En Allemagne, nous avons passé la nuit avec les activistes contre le charbon

Durée de lecture : 4 minutes

22 juin 2019 / Alexandre-Reza Kokabi et Gilles Potte (Reporterre)

Vendredi 21 juin, en début de soirée, 400 activistes d’Ende Gelände sont parvenus à bloquer les trains miniers du bassin rhénan, en Allemagne. Ils ont passé la nuit sur les rails. Reporterre y était et vous raconte en images ce moment hors du commun.

  • Neurath (Allemagne), reportage

Vendredi 21 juin, des milliers d’activistes venus de toute l’Europe se sont retrouvés près de Cologne, autour des mines de charbon de la région (lire notre récit d’hier). La journée s’est passée à avancer, par groupes divers — les fingers, les doigts — vers les lieux où le blocage va être tenté. Nous accompagnons l’un d’entre eux, qui parvient au but en déjouant les cordons policiers.

Depuis 18h30, près de 400 activistes squattent les rails empruntés quotidiennement par les trains miniers du bassin rhénan. Les dernières lueurs du soleil diffusent une lumière rosâtre dans le ciel de Rhénanie. L’horizon serait presque bucolique si la centrale thermique de Neurath, à quelques encablures, ne crachait pas inlassablement des tonnes de fumée de charbon noir dans l’atmosphère.

Le sol de Rhénanie regorge de lignite. « Keep it on the ground » (« Laissons-le sous-terre »), s’écrient les défenseurs du climat. L’industrie du charbon a fait du bassin rhénan la région la plus émettrice de gaz à effet de serre en Europe.

Jeanne, Parisienne et protagoniste de l’occupation, raconte comme les activistes sont parvenus à rallier les rails : « Nous sommes partis à 11 h du camp climat de Viersen, à 20 kilomètres de là. On a marché sur dix kilomètres, jusqu’à trouver une gare. À chaque arrêt, la police nous attendait, c’était un jeu du chat et de la souris. Un moment, on est descendus et tout le monde s’est mis à courir en faisant bloc. Les policiers étaient vingt, on était trois cents. On les a vite débordés, on est passé par les champs jusqu’à atteindre les rails. »

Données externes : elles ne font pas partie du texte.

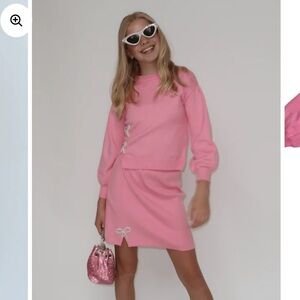 This two-piece set features a stylish long-sleeve top and matching skirt, designed for a seamless blend of sophistication and charm.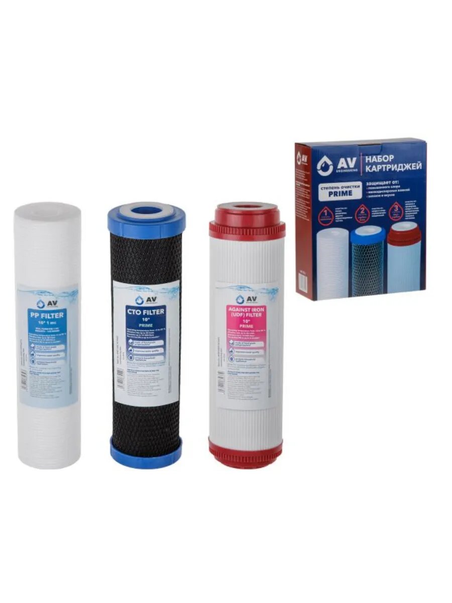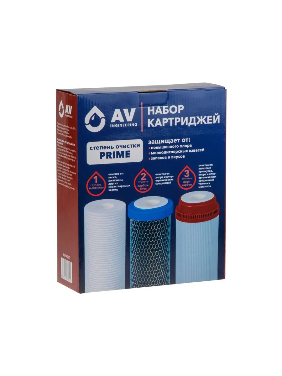 Комплект сменных картриджей AV Engineering "Prime" для систем очистки воды, slim line 10" предназначен для предварительной трёхступенчатой очистки хозяйственной и технической воды от различных загрязнений.
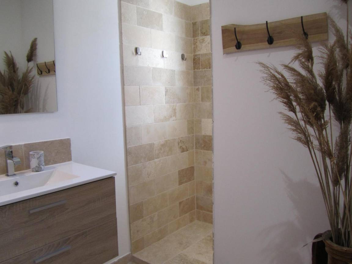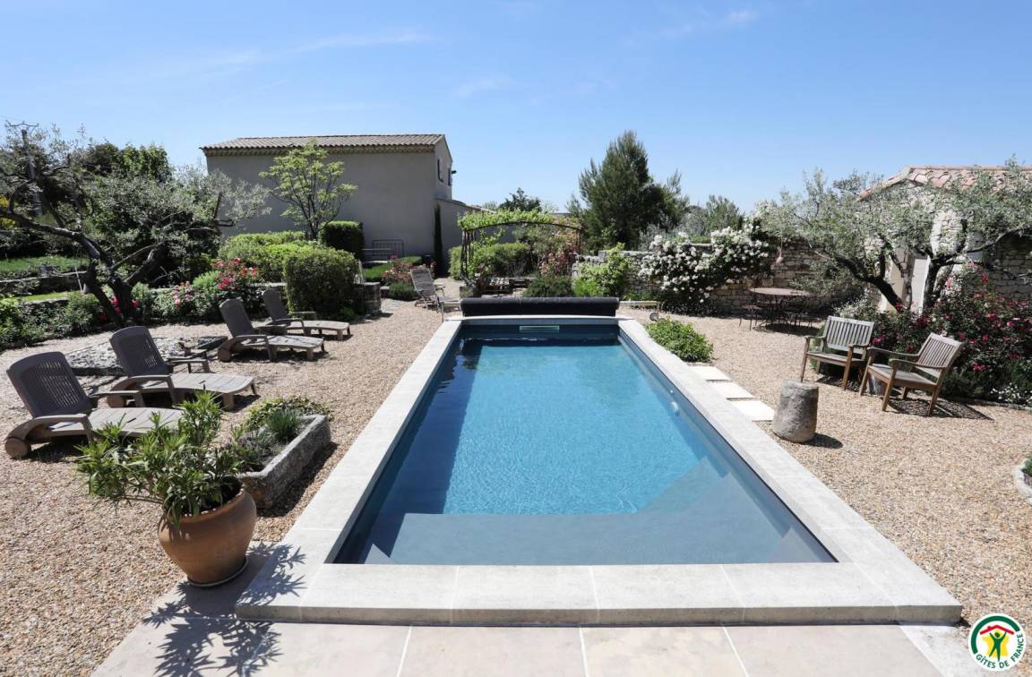 Fanny und Michel haben sich in dieses Haus verliebt, das 5 Minuten nordöstlich von Valréas, der Hauptstadt der Enklave des Papes, liegt. "Au jardin provençal" ist ein unabhängiges Haus, klimatisiert, auf einer Ebene angelegt, wo das Leben sowohl draußen als auch drinnen gut ist. Der Eingang öffnet sich zu einem großen, hellen Wohnzimmer (55m²) mit 2 Glastüren, die Zugang nach draußen bieten, einer Hauswirtschafts-/Waschküche, einem Wohnzimmer mit angrenzendem Zugang zur überdachten Terrasse, 2 Schlafzimmern (1x160x200 mit Fernseher) (1x140x190), Badezimmer mit Badewanne und ebenerdiger Dusche, separates WC. Das private Schwimmbad (4 x 8 m, maximale Tiefe 1,10 m, alarmgesichert und mit Aktivsauerstoff behandelt) ist unübersehbar. Das abgeschlossene Grundstück mit Toren umfasst Parkplätze und Terrassen, von denen eine überdacht ist.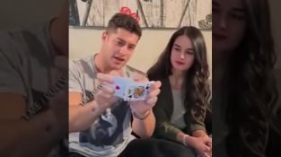 Um homem faz um pequeno malabarismo com baralhos de cartas, impressionar uma mulher.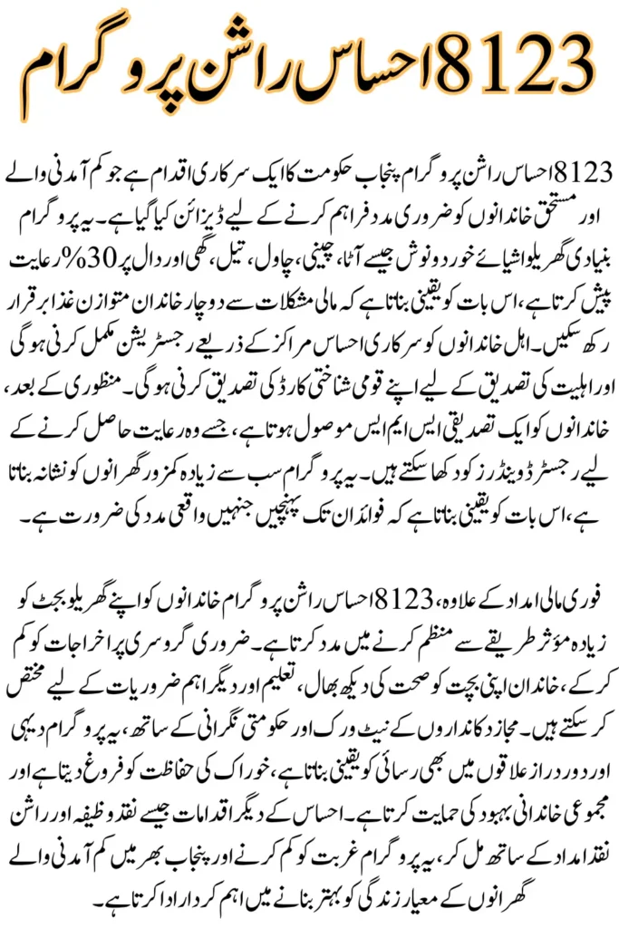 The 8123 Ehsaas Rashan Program is a social welfare initiative launched by the Punjab Government to support low-income and deserving families. This program provides a significant discount on essential household groceries, helping families cope with rising food costs.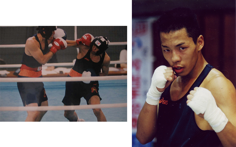 16歳でボクシングを始め、国体は通算で6度出場、アテネ五輪の候補選手にもなった。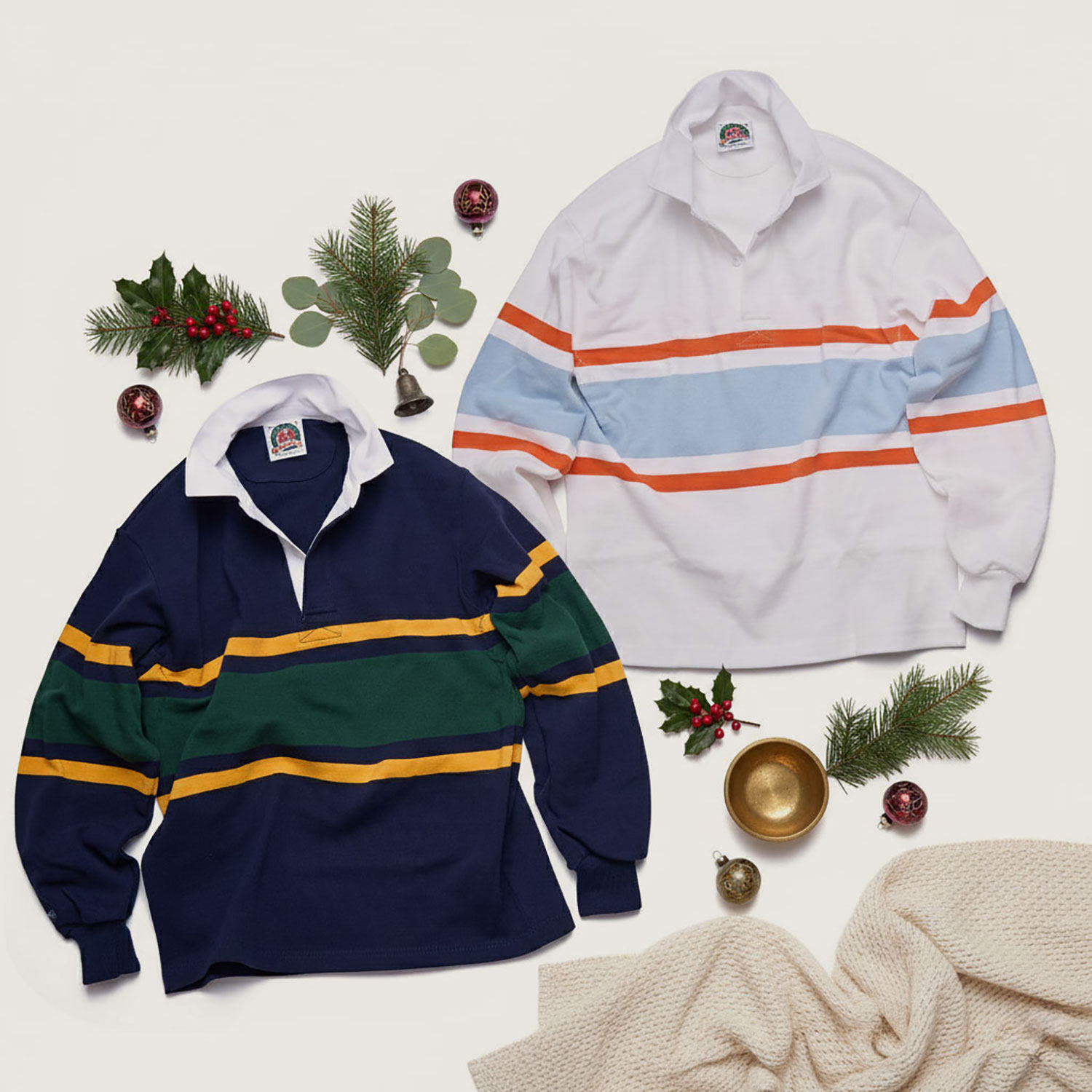 ラグビージャージの定番柄をカラーアレンジしたFRAME別注モデル。リラックスした着心地のカナダサイズフィット採用です。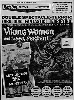 Drive-in advertisement from 1958 for The Astounding She-Monster and co-feature, The Viking Women and the Sea Serpent.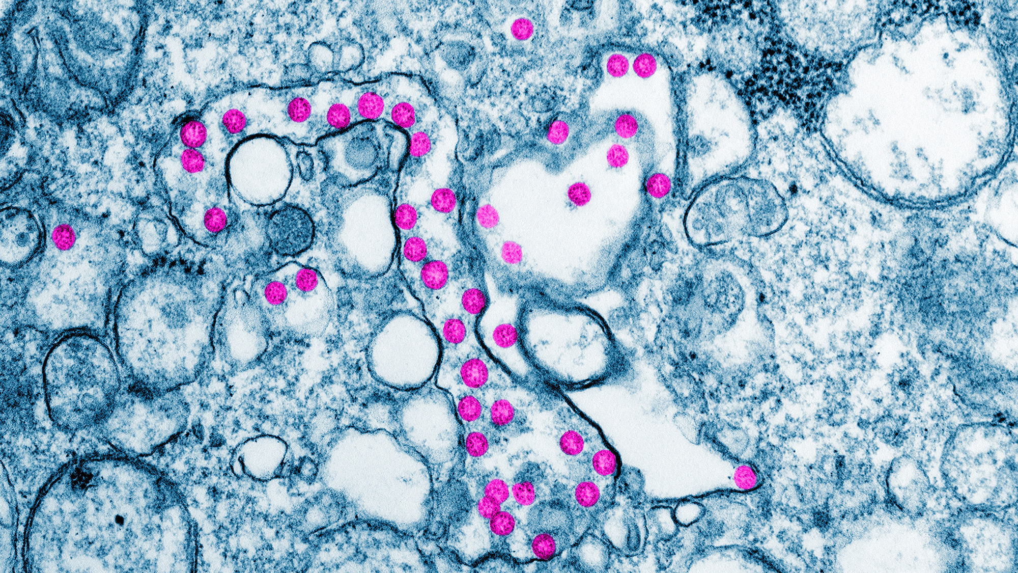 Nell'immagine: particelle virali colorate di viola in micrografia elettronica in un paziente COVID-19. Photo by NPR - Hannah A Bullock and Azaibi Tamin/CDC/Science Source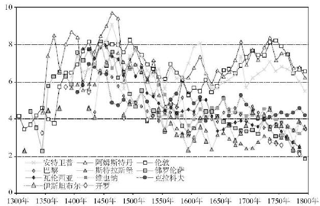 欧洲许多城市自中世纪晚期以来的极其详细的实际工资系列数据,如今都可以得到。这些数据表明整个13世纪和14世纪早期非熟练工人的工资总体减少了;1350年,黑死病加大了土地与劳动力的比率后,工资得到了巨大回升;随着15世纪晚期和16世纪的人口增长,实际工资又逐渐下降了,但是到1600年时,西北欧和南欧、东欧的工资水平拉开了距离:西北欧的工资呈回潮之势,而南欧和东欧仍在继续下跌;1700年时,阿姆斯特丹的非熟练工人的实际工资比在1350年时高出了30%,而伦敦的非熟练工人高出了80%,这两地的工资增长都高于前面提到的能量获取水平的提高。

Peu après 20 h, plus d’une heure de palabres aboutissent à un compromis avec la police : les activistes ont négocié une trêve et gagné une nuit d’occupation sans être dérangés sur leur nouveau camp ferroviaire. « On est ravis », sourit Bruno, Français expatrié en Allemagne : « Ces rails servent à transporter le charbon depuis la mine de Garzweiler. Je ne pense pas que notre action, qui était de notoriété publique, enraye fortement l’activité de RWE [le consortium houiller]. Mais elle a une forte valeur symbolique, c’est un grand coup porté à l’image de cette compagnie. Des milliers d’Européens viennent de toute l’Europe, pleins de gnaque, pour lutter contre ses extractions mortifères. Et ce n’est pas par gaieté de cœur que nous le faisons, l’urgence climatique nous l’impose. »

À 21h30, neuf nouveaux activistes font irruption sur les rails, fumigènes oranges et turquoise en main. « No borders / no nations / no coal power station » (« pas de frontières / pas de nations / pas de centrales thermiques à charbon ») chantent-ils sous les ovations de leurs camarades. « Nous faisions partie du finger argenté [un autre groupe], explique Sara. Nous avons été bloqués toute la journée par la police, qui ne voulait pas nous laisser circuler en direction des mines. Avec quelques personnes de mon groupe affinitaire, on a appris que les rails étaient occupés par le finger vert. On les a rejoints à travers champs et petite forêt, en trois heures. »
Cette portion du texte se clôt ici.